I went to bed with Sweet One beside me and Little Man in his pack n play while Big Love sleeps next door because the kids are having such a hard time with being away from home for so long and I just couldn't sleep. My mind slowed down and I just started to cry. My heart hurts so much because I really thought that after some emotional distance we'd be able to sort of start our relationship over, at least the one when I was an adult. But we can't and it breaks my heart every time I think of it.
For years we struggled to be able to talk to one another. We seemed to only be able to hurt one another. I don't really know how I made you feel, and I'm only starting to get a picture of what your personal struggles might have been. And i couldn't let that happen to me. I tried to talk to you in so many ways but you never seemed to listen. In those attempts I was never trying to criticize, I was only trying to scream "please listen to me".
And then one day it felt like to much and I had to stop my hurt the only way I knew how. So I stopped letting you into my emotional space. After I was able to work through some of it with a counselor, and none of it was easy, I became less angry. I would not have been able to be a mom if I had not let go of this anger. I can only guess how it made you incredibly sad when you didn't get to be actively a part of my kids' lives. I'm sorry for that. I truly was not trying to punish you but to protect myself from what I was afraid might only be more struggles in our relationship. I shared pictures with you so that you could see them grow because I didn't want to keep you completely out. I wanted to bring the kids back to the hometown so that you could see them but we just never had the money for it. I can't tell you how many times I looked at the ticket prices hoping that something might miraculously enable me to afford it. I know you offered your Airmiles on a few occasions but I couldn't take something like that from you after not speaking with you for a few years. It didn't seem fair.

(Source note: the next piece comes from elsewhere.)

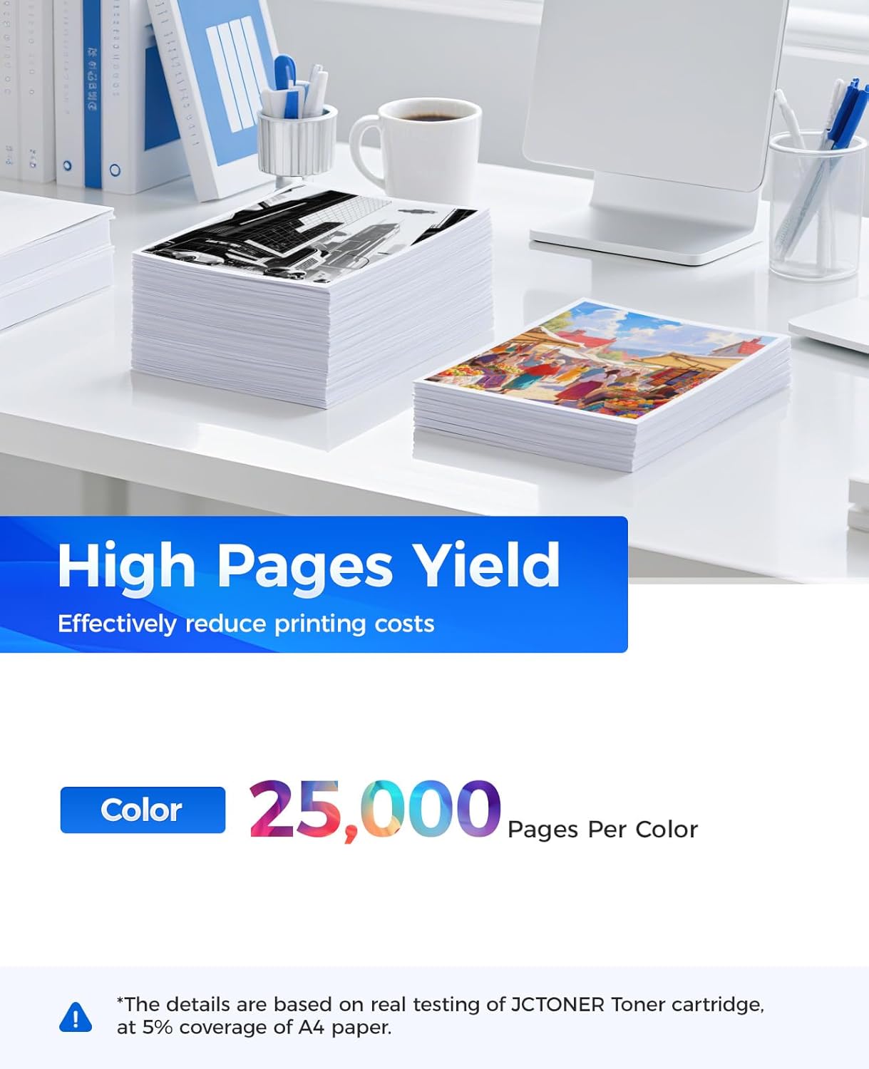 - The latest chip version: The JCTONER toner cartridges are equipped with the latest version of built-in chips, ensuring perfect compatibility between each toner cartridge and the printer. This enables you to print efficiently while maintaining stability and reliability, making installation convenient without the need for manual adjustments. All JCTONER toner cartridges have undergone strict quality testing and have obtained ISO9001 certification. High-quality toner cartridges can meet the demand for high printing volume. The fine toner ensures clear and stain-free printing results and extends the lifespan of the printer. You can purchase with confidence.

I guess I just don't know what was or is really fair in all of this. Perhaps none of it is. All I know now is that my heart hurts so excruciatingly much and I miss my Dad. I miss the hope I had for being able to fix our relationship and letting you see my kids. I heard so much of an amazing man who gave so much to others but I feel like something prevented me from knowing that man.
I'm running short of words but I'm sure there will be more letters to you. I hope you hear them. Someone told me that when we speak of those who are no longer with us that they can hear every word. I so desperately hope you hear these and know what is in my heart now.
A few days after Grandpa died I felt his presence as I watched his children talking with one another. Could you come and visit me? Could you please help me put my heart at ease so I know you are ok and that you know I miss you and I love you? Please watch over my kids for me. Be their guardian angel and help them when I can't.